The brain uses 20 percent of our energy at rest which is derived from our caloric intake through eating. Digesting raw food requires a good bit of available energy. Once we started cooking food, it then entered our digestive system partially digested, freeing up more energy for growth and development of the brain.
A larger brain would allow us to exploit a wider range of foodstuffs. We would also have more time on our hands because eating raw food would require more calories burned in searching for food just to maintain a base level of energy requirements. So cooking our food gave us extra time that could be used in experimenting with new and novel ways of preparing food.

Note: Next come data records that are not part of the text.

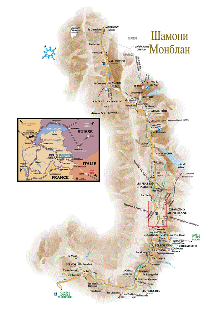 Долина Шамони, протянувшаяся на 16 км, расположена на перекрестке границ Франции, Италии и Швейцарии. Она окружена великолепными склонами, которые гарантируют идеальный снег в любое время зимнего сезона.
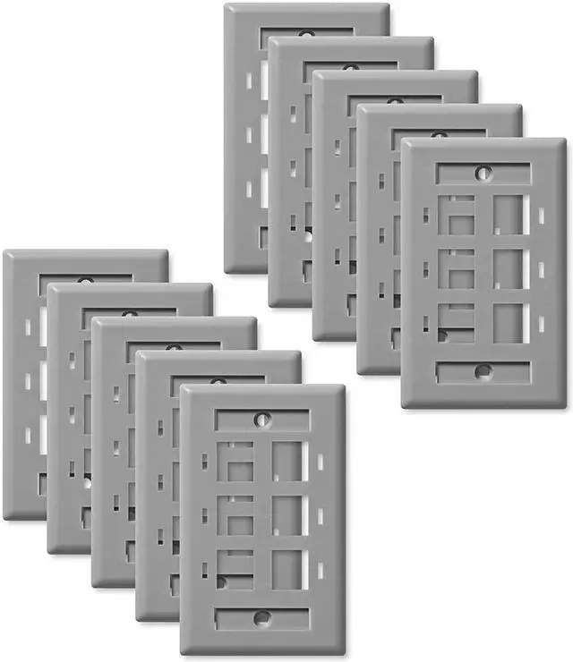 These wall plates are made from high-impact ABS PA-747S plastic and can be used with single gang boxes and keystone modules such as audio/video, voice or Ethernet cable. The keystone jack wall plates are available in 1, 2, 3, 4, and 6 port sizes to fit your needs. Protect and hide your network connections with a clean low-profile design that is offered in multiple colors to perfectly blend into the decor of your home or office. Accepts all Snap-In Keystone type inserts, standard 110 type IDC termination makes installation fast and easy.
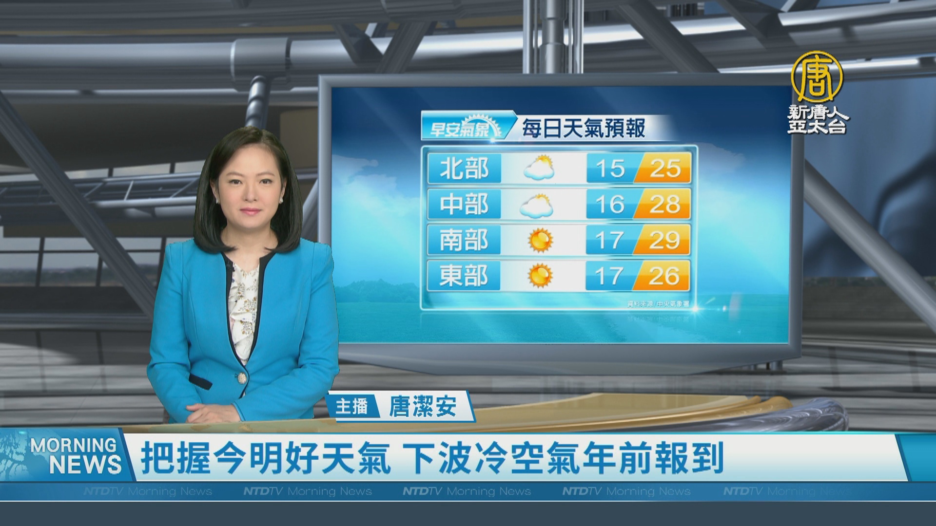 【新唐人亞太台 2024 年 01 月 31 日訊】歡迎您收看1月31日的早安新唐人,我是唐潔安,先來帶您關心天氣。把握今明好天氣,這兩天水氣相對少,只有東半部、恆春半島零星短暫雨,其他地區多雲到晴。不過,星期五東北季風稍微增強,降雨區域新增至北部地區。過年前將轉為比較濕冷的天氣型態,至於會不會達到冷氣團等級,氣象署說,還有待觀察。帶您一起來看到國際媒體重要訊息。
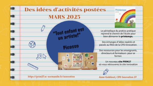 Le périodique du pratico-pratique reprend le chemin de l'école pour bien démarrer le printemps. Des échanges d’idées repérés et passés au filtre de la CPD Innovation. Des ressources pour les enseignants, directeurs et formateurs pour se former. Un nouveau site PRIM27 où vous retrouverez le site Innovation
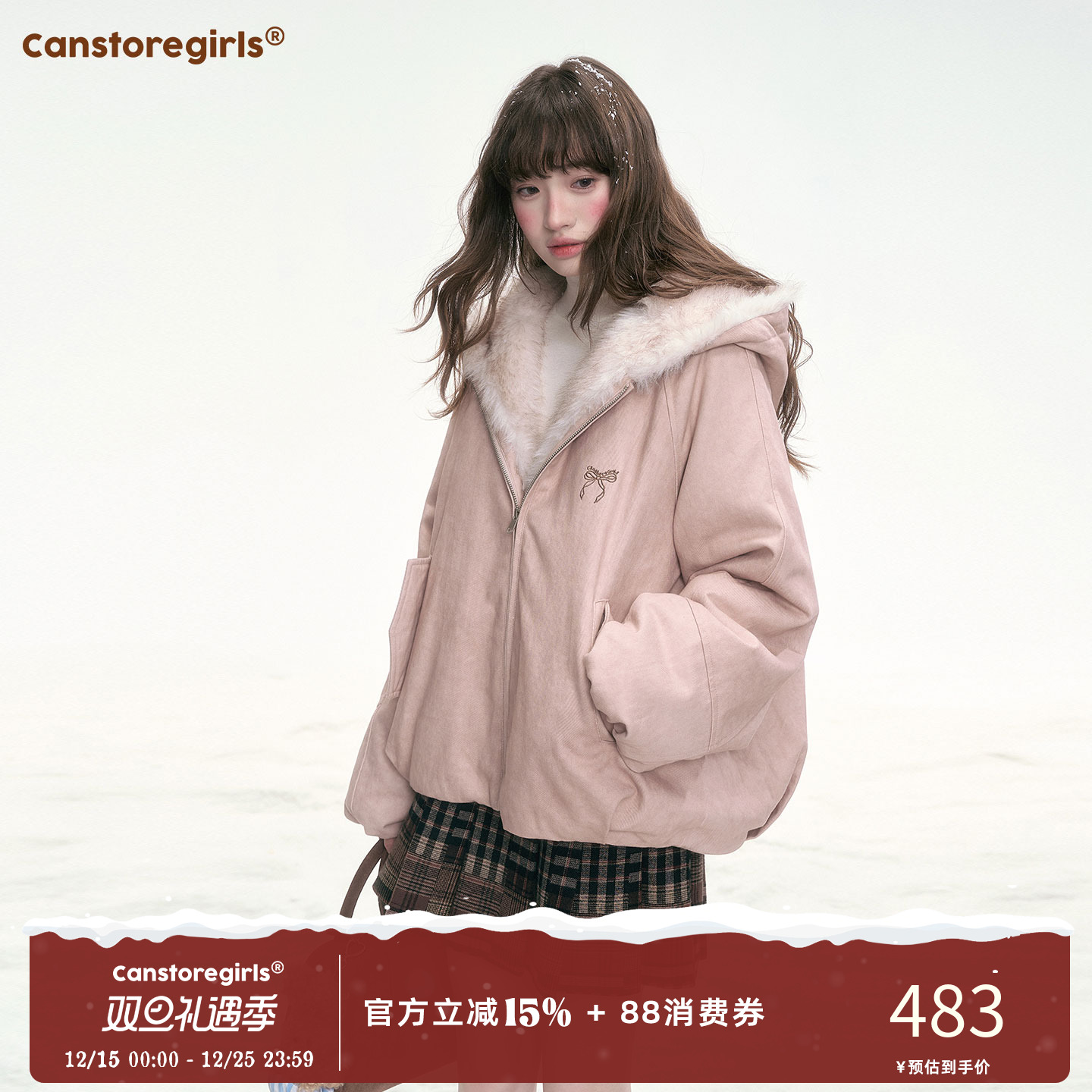 Canned stores 'Mist Peach Velvet Pocket' winter eco-friendly fur jacket warm cotton jacket wearing a parka on both sides
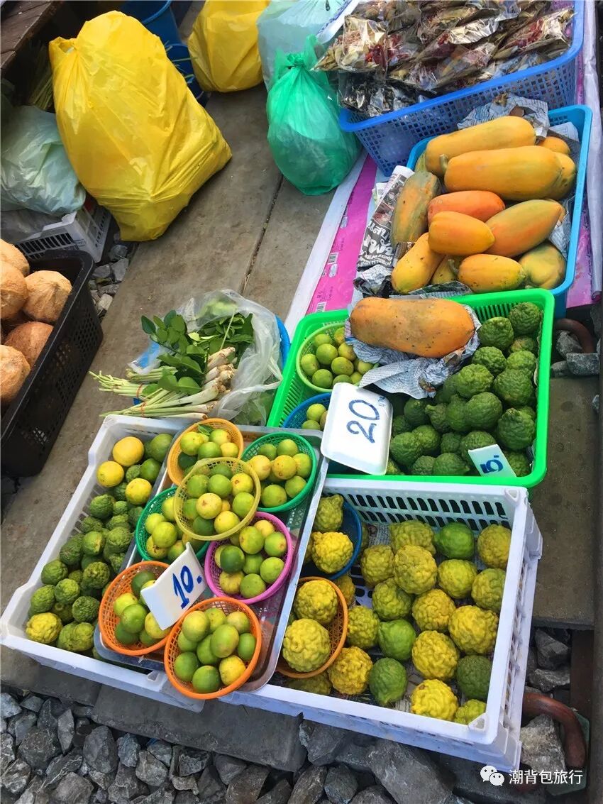 菜贩们在这里出售当地特产的水果,如荔枝、榴莲、芒果和新鲜的海产品、干辣椒等。顾客们则在各个摊位之间穿行,挑选自己每日下锅的菜品。
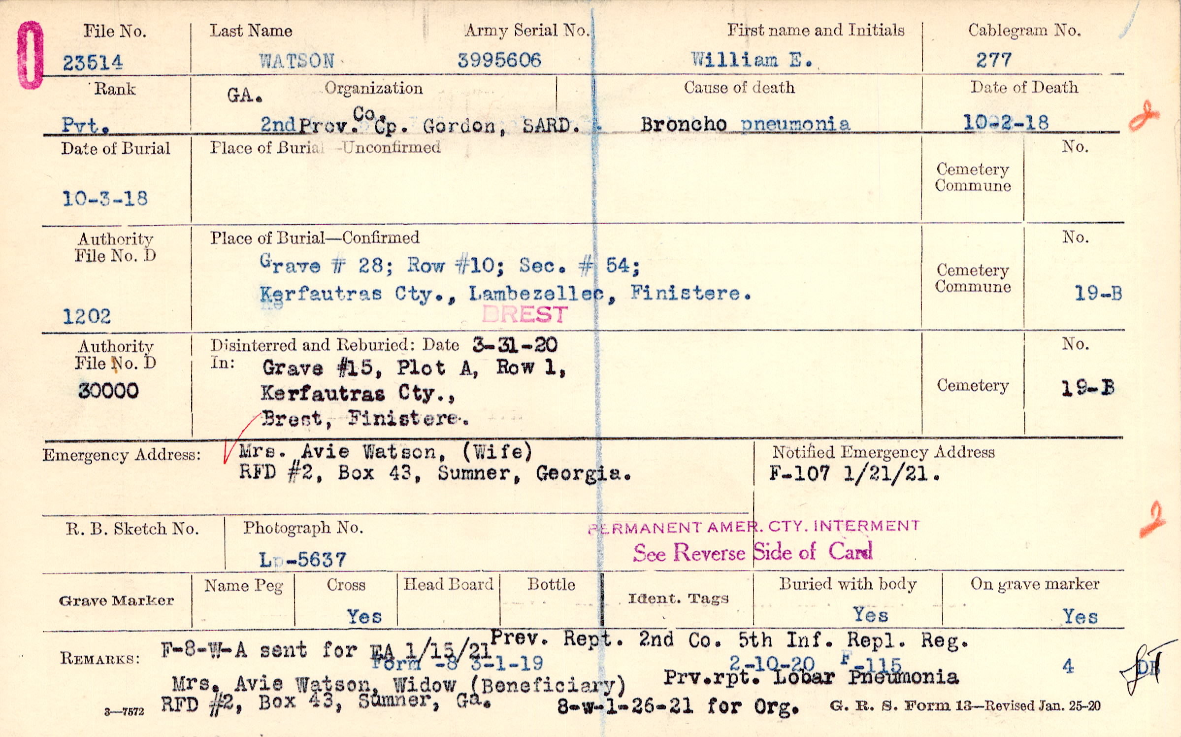 Prev. Rept. 2nd Co. 5th Inf. Repl. Reg. Mrs. Avie Watson, Widow ( Beneficiary), RFD #2, Box 43, Sumner, Ga. Prv.rpt. Lobar Pneumonia, F-8-W-A sent for EA 1/15/21 Form -8 3-1-19 8- w 1-26-21 for Org., 2-10-20 F-115
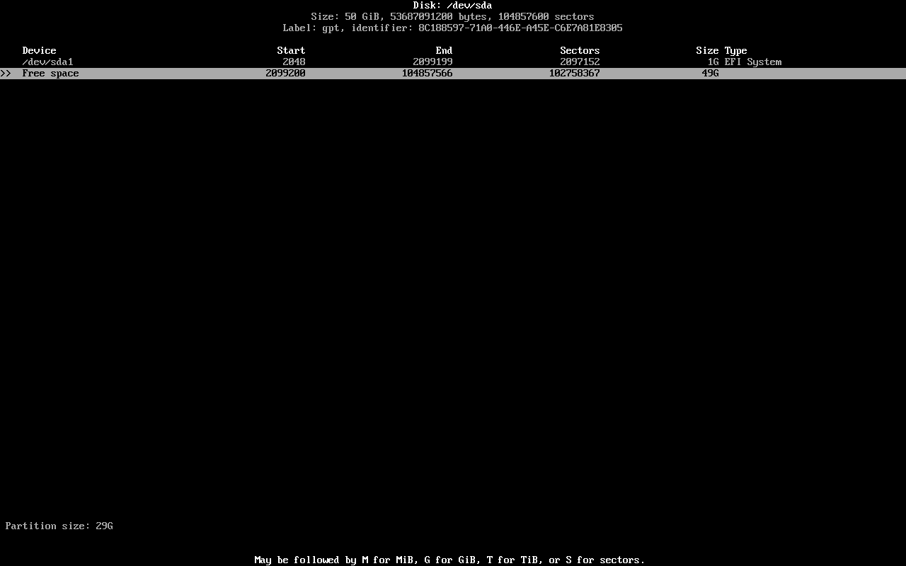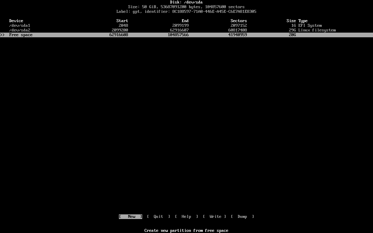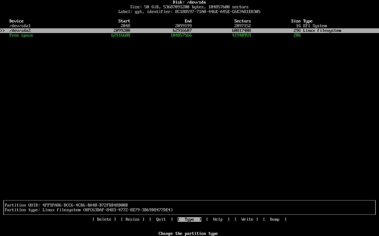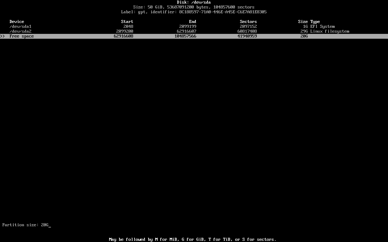Anote as partições criadas/alteradas, no meu caso: /dev/sda1, /dev/sda2 e /dev/sda3.
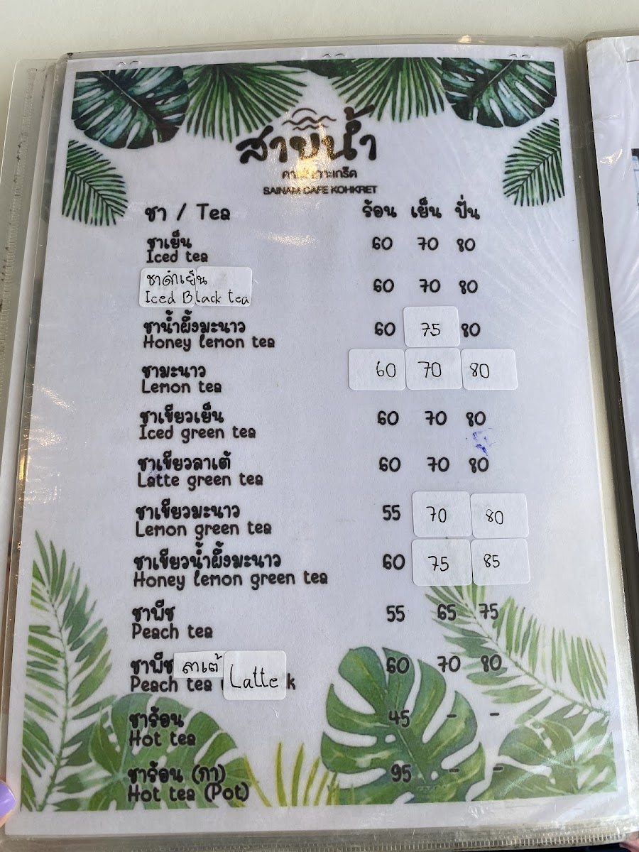 Sai nam cafe Menu
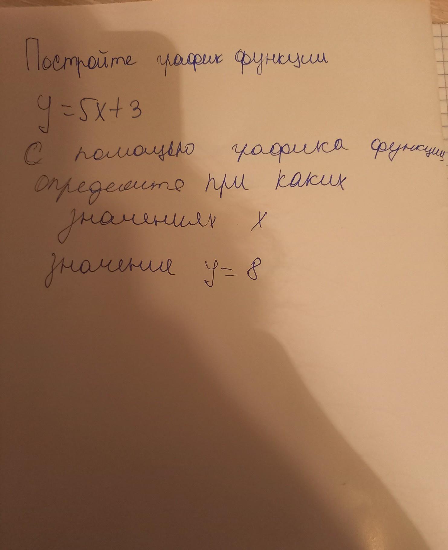 задана линейная функция - для построения ее графика необходимо две точки, при х=2 у=5*2+3=13
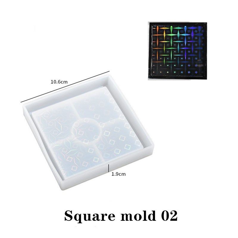 DIY Laser Holographic Coaster Silicone Mold Round Square Laser Cup Pad Tea Coaster Home Decoration For Epoxy Resin Making Molds
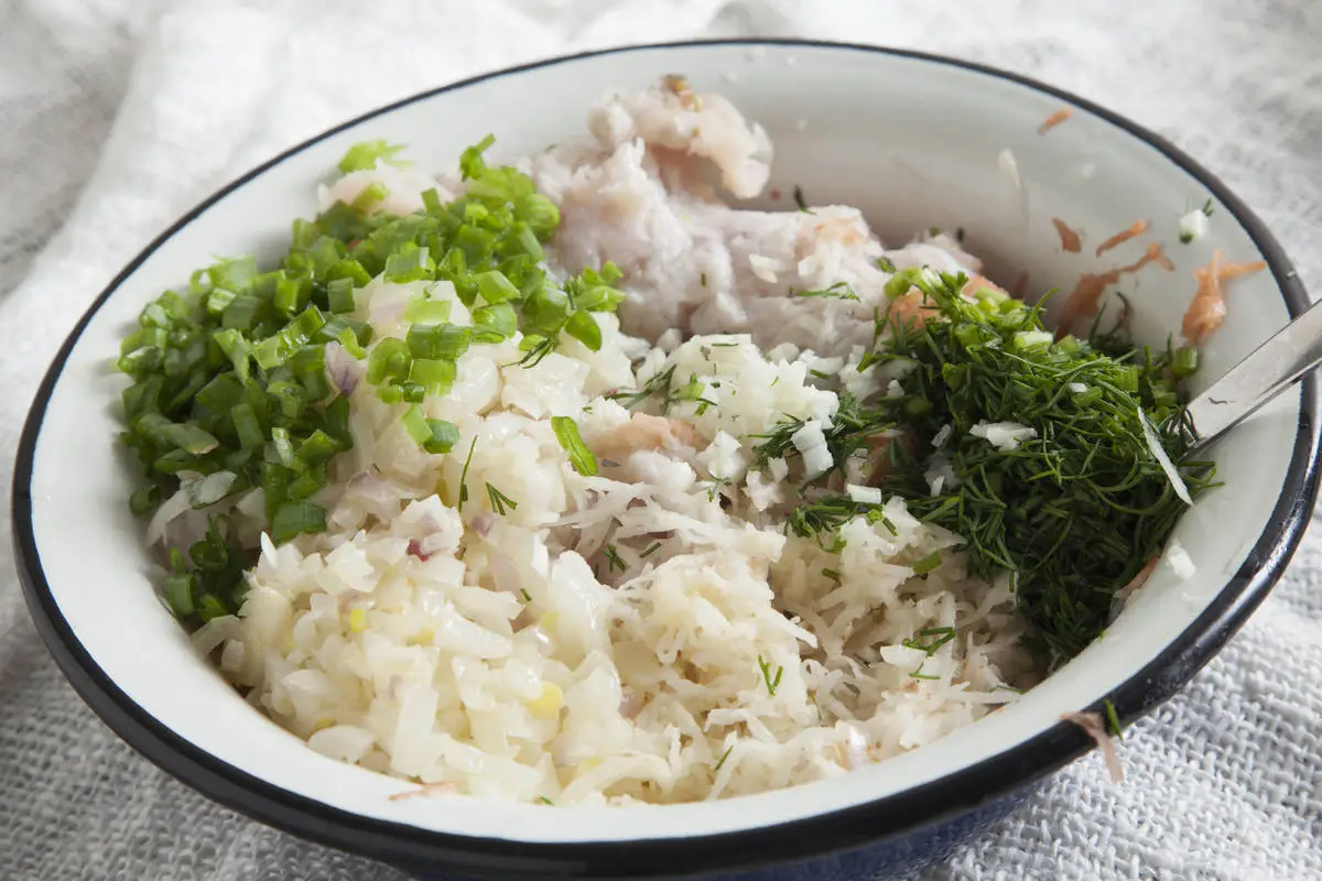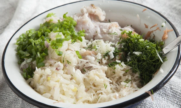 Соедините рыбный фарш, картофель, жареный лук, выдавите чеснок, добавьте мелко порезанные перья зеленого лука и укроп, посолите, поперчите и хорошо вымесите руками.
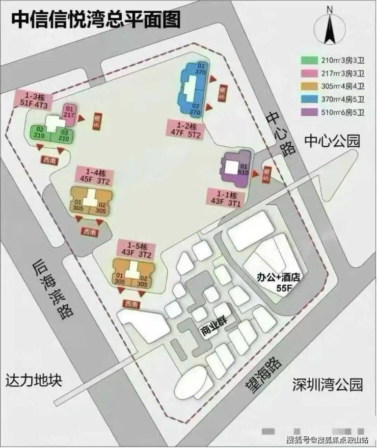 中信信悦湾原为佳兆业所有,2022年6月,被中信城开以300亿元接盘。项目坐落于南山区后海大道与望海路交界东北角,总建筑面积约31.8万㎡,容积率4.92,规划5栋超高层住宅,限高200米,最高楼层达47层。
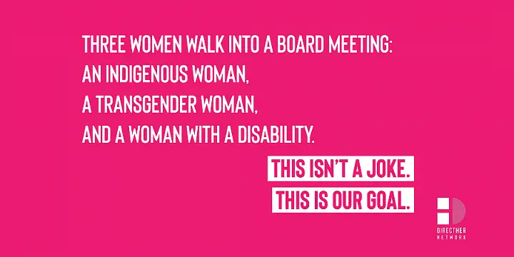 DirectHer intends to target young women in Alberta who are interested but not yet serving on boards, with a specific focus on those who: 1) are between the ages of 25 and 45; and/or 2) identify with a racial and/or ethnic minority group; and/or 3) consider themselves to be a person with a disability; (collectively, the “Audience”).

Perhaps a more cerebral capability pushed us to experiment with combinations of foods, herbs and spices. With the notable exception of the British Isles, the cuisine of most cultures evolved over time. The Romans brought new foods and ways of eating to Britain, but once the colonization collapsed and the Romans went home, it appears the indigenous people went back to their former foods and methods of cooking. Veal Scallopini was quickly forgotten and bangers and mash returned to the menu.
On the other hand, consider the evolution of cuisines in Asia, Africa and the Mediterranean as an example of widely diverse and unique cuisines developing over many centuries.
Here in the west we have had a resurgence of interest in foods. There are cooking shows galore on TV. We not only respect the profession of the chef, they are often treated like rock stars. People are willing to wait for several years just to get a reservation in certain elite restaurants.
But let’s give credit where credit is due. At some point in the murky depths of prehistoric times, someone sat down on a log and thought about creating a better stew, and this started a revolution in dining that is still going on today.
Great Britain, take note!
References: Ancient Roman Diets and Apios americana. SciTechDaily, Cooking Fueled Growth of the Human Brain.